3.2Classification results
In order to assess the efficacy of our proposed MFSR method, we compare our method with the typical methods including PC and SR. Moreover, we conduct two groups of experiments on the multiple time points data of the ADNI-2 database, i.e., baseline and year 1 classification. The experimental results are displayed in Figs 2, 3 and Table 1, respectively. The proposed network achieves the best classification performance with an accuracy of 95.74% for baseline and 93.64% for year 1 data. We can see that our proposed network outperforms other competing networks in terms of classification results. The reason of our proposed brain network achieves better classification results is that it can overcome the previous network’s drawbacks. It is clear that multi-task learning is better than each individual task because it can uncover the potential relationships among multiple time points rather than the simple averaging. By observing the relationship of successive ROIs, we can see that the MFSR model outperforms the traditional SR and PC models in both baseline and year 1 data, which confirms that multiple time-point constrained network is beneficial for MCI classification.
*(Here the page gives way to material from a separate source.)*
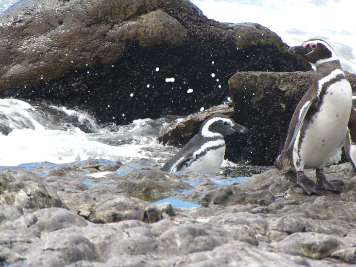 We gathered at the office of Darwin Expeditions and along with 15 or so other assorted tourists climbed into their large zodiac style boat for the rough 1 hour journey to Isla Pinguino. Along the way we got some views of sea lions resting on a small rock island.

Another encouraging phenomenon is that the impact of time changes on the classification performance is less sensitive. It can be seen that the results of year 1 are slightly worse than that of baseline. We can see that our proposed group sparse learning with smoothing constraints is quite effective.
Figure 6.
Figure 7.
We randomly select MCI and NC patients from the database to compare the performance of different methods in terms of network. From Fig. 4, we can see that the conventional networks achieve similar results between MCI and NC. Our proposed MFSR network shows more block structures and clear layouts, which can reveal the differences between MCI and NC.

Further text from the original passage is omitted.